__WHAT IS BEING ASKED__. Write the entries out exactly. Any images they hold stay out of the copy.
============================================================
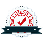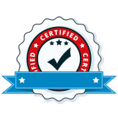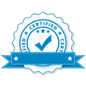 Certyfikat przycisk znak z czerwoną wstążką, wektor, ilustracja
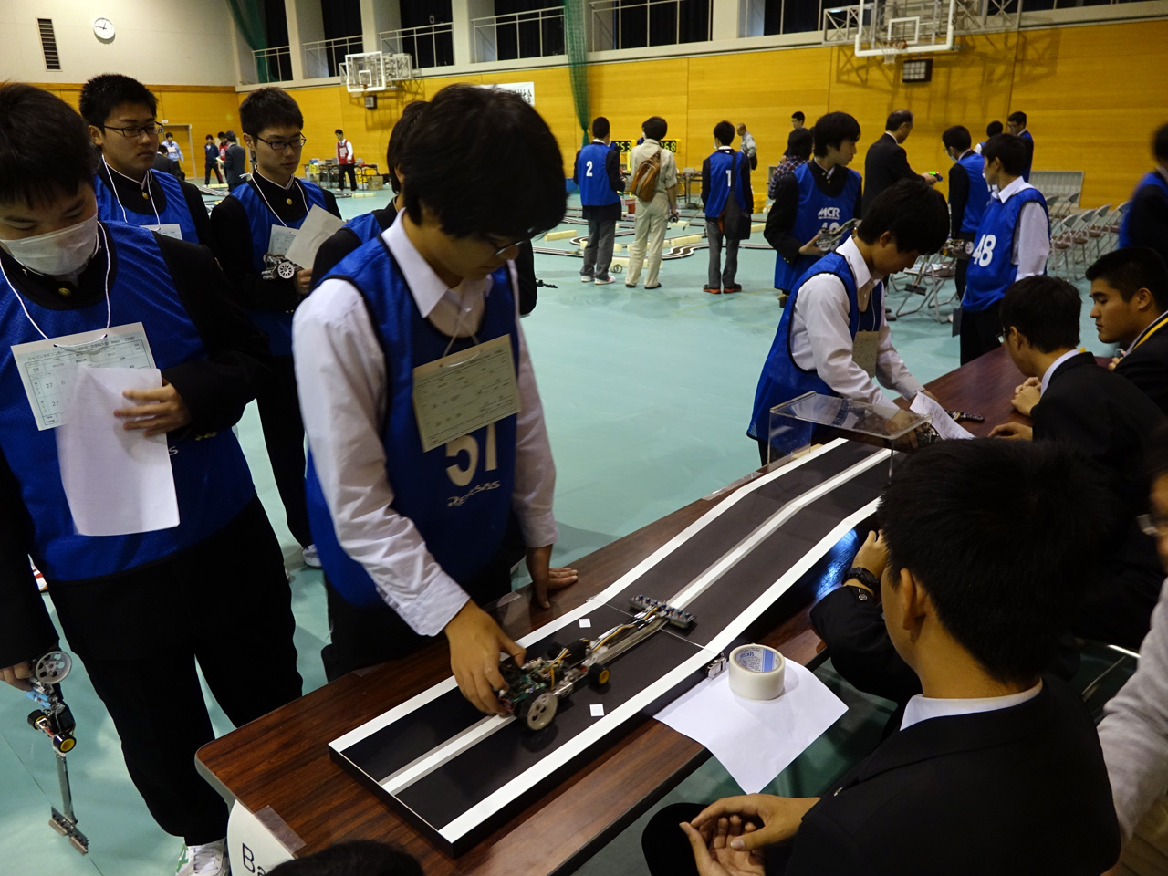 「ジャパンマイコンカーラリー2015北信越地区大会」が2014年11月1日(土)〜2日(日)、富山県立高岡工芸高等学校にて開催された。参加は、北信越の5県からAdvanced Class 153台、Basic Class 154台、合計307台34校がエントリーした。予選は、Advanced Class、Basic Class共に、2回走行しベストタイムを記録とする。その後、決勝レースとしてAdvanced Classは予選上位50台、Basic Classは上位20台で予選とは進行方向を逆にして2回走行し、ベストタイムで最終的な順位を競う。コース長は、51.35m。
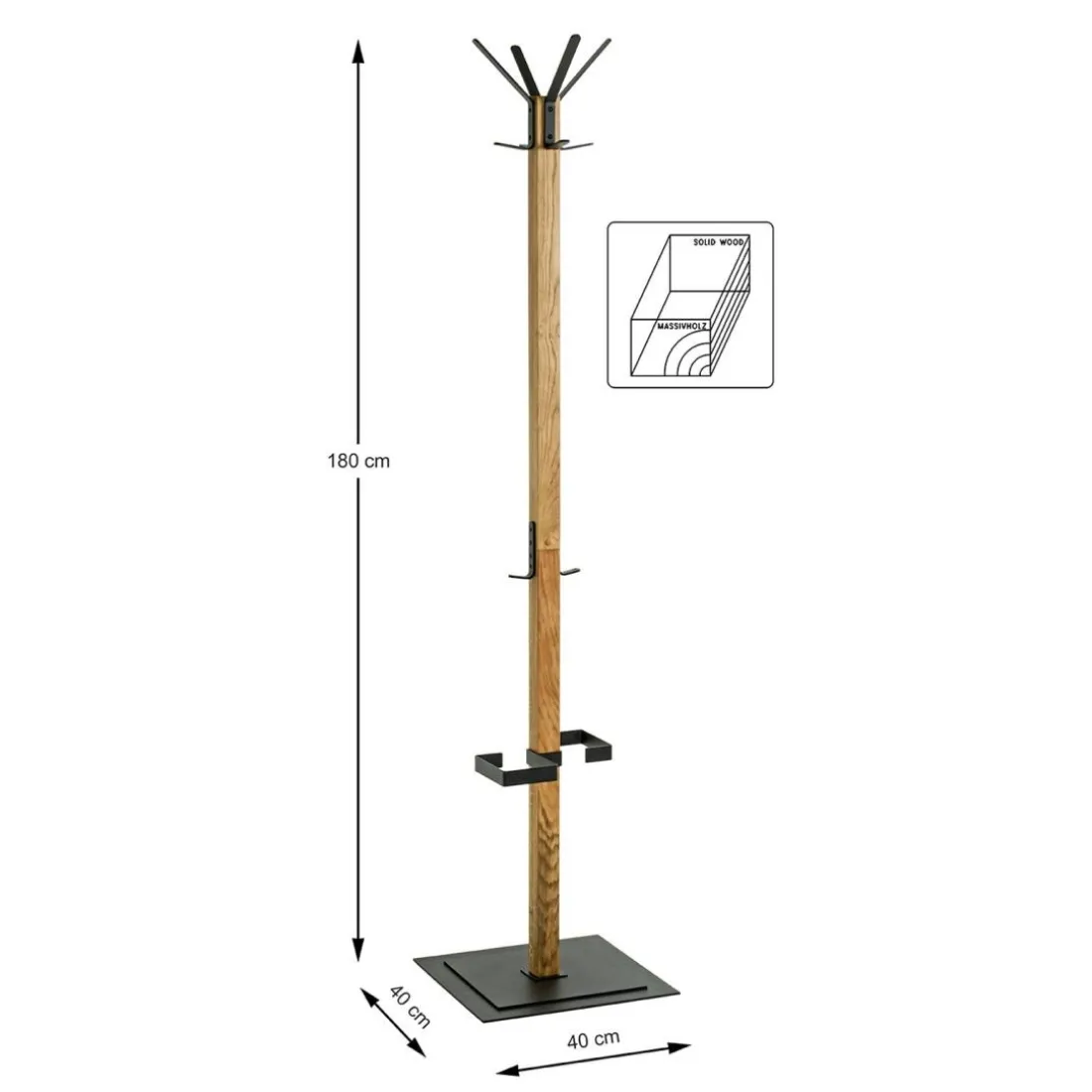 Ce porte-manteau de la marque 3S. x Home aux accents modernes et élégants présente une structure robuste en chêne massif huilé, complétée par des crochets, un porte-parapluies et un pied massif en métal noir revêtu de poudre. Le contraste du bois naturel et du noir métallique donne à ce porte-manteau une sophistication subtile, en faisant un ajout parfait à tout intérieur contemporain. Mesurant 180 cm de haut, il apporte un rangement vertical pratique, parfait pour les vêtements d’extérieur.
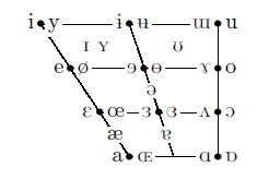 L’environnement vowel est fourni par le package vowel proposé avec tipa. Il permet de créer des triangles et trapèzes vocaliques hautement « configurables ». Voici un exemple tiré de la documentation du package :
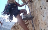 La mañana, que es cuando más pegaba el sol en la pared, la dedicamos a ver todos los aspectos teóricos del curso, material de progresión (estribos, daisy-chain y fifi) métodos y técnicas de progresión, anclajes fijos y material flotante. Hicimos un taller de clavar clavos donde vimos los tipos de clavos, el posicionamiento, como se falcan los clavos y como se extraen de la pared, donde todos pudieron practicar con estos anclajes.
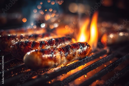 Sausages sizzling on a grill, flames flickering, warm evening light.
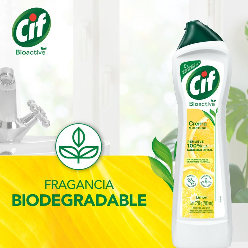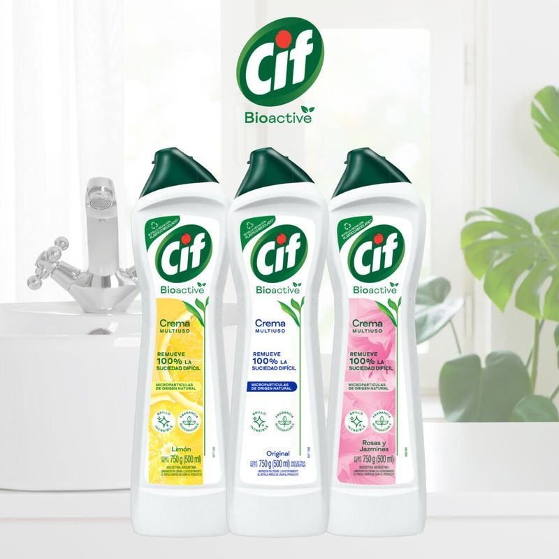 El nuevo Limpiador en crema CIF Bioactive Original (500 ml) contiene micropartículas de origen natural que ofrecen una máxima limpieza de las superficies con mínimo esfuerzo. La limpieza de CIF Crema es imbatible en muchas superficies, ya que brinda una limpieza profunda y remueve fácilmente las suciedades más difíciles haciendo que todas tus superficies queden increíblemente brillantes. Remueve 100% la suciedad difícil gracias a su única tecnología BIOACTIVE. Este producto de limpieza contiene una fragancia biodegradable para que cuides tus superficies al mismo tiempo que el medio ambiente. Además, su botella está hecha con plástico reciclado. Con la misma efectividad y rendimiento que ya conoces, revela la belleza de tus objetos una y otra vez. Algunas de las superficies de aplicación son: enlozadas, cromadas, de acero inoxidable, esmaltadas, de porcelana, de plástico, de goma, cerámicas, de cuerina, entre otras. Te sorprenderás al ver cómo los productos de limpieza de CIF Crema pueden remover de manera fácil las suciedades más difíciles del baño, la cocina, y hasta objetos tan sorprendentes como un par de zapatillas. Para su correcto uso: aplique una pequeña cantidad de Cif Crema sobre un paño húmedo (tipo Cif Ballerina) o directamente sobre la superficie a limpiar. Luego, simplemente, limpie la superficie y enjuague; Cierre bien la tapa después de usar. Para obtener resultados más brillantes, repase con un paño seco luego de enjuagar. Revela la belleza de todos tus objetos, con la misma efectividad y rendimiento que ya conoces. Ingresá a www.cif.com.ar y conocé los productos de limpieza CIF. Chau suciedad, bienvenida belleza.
============================================================
__SOLUTION FOR THIS EXERCISE__.
 Certyfikat przycisk znak z czerwoną wstążką, wektor, ilustracja
 「ジャパンマイコンカーラリー2015北信越地区大会」が2014年11月1日(土)〜2日(日)、富山県立高岡工芸高等学校にて開催された。参加は、北信越の5県からAdvanced Class 153台、Basic Class 154台、合計307台34校がエントリーした。予選は、Advanced Class、Basic Class共に、2回走行しベストタイムを記録とする。その後、決勝レースとしてAdvanced Classは予選上位50台、Basic Classは上位20台で予選とは進行方向を逆にして2回走行し、ベストタイムで最終的な順位を競う。コース長は、51.35m。
 Ce porte-manteau de la marque 3S. x Home aux accents modernes et élégants présente une structure robuste en chêne massif huilé, complétée par des crochets, un porte-parapluies et un pied massif en métal noir revêtu de poudre. Le contraste du bois naturel et du noir métallique donne à ce porte-manteau une sophistication subtile, en faisant un ajout parfait à tout intérieur contemporain. Mesurant 180 cm de haut, il apporte un rangement vertical pratique, parfait pour les vêtements d’extérieur.
 L’environnement vowel est fourni par le package vowel proposé avec tipa. Il permet de créer des triangles et trapèzes vocaliques hautement « configurables ». Voici un exemple tiré de la documentation du package :
 La mañana, que es cuando más pegaba el sol en la pared, la dedicamos a ver todos los aspectos teóricos del curso, material de progresión (estribos, daisy-chain y fifi) métodos y técnicas de progresión, anclajes fijos y material flotante. Hicimos un taller de clavar clavos donde vimos los tipos de clavos, el posicionamiento, como se falcan los clavos y como se extraen de la pared, donde todos pudieron practicar con estos anclajes.
 Sausages sizzling on a grill, flames flickering, warm evening light.
 El nuevo Limpiador en crema CIF Bioactive Original (500 ml) contiene micropartículas de origen natural que ofrecen una máxima limpieza de las superficies con mínimo esfuerzo. La limpieza de CIF Crema es imbatible en muchas superficies, ya que brinda una limpieza profunda y remueve fácilmente las suciedades más difíciles haciendo que todas tus superficies queden increíblemente brillantes. Remueve 100% la suciedad difícil gracias a su única tecnología BIOACTIVE. Este producto de limpieza contiene una fragancia biodegradable para que cuides tus superficies al mismo tiempo que el medio ambiente. Además, su botella está hecha con plástico reciclado. Con la misma efectividad y rendimiento que ya conoces, revela la belleza de tus objetos una y otra vez. Algunas de las superficies de aplicación son: enlozadas, cromadas, de acero inoxidable, esmaltadas, de porcelana, de plástico, de goma, cerámicas, de cuerina, entre otras. Te sorprenderás al ver cómo los productos de limpieza de CIF Crema pueden remover de manera fácil las suciedades más difíciles del baño, la cocina, y hasta objetos tan sorprendentes como un par de zapatillas. Para su correcto uso: aplique una pequeña cantidad de Cif Crema sobre un paño húmedo (tipo Cif Ballerina) o directamente sobre la superficie a limpiar. Luego, simplemente, limpie la superficie y enjuague; Cierre bien la tapa después de usar. Para obtener resultados más brillantes, repase con un paño seco luego de enjuagar. Revela la belleza de todos tus objetos, con la misma efectividad y rendimiento que ya conoces. Ingresá a www.cif.com.ar y conocé los productos de limpieza CIF. Chau suciedad, bienvenida belleza.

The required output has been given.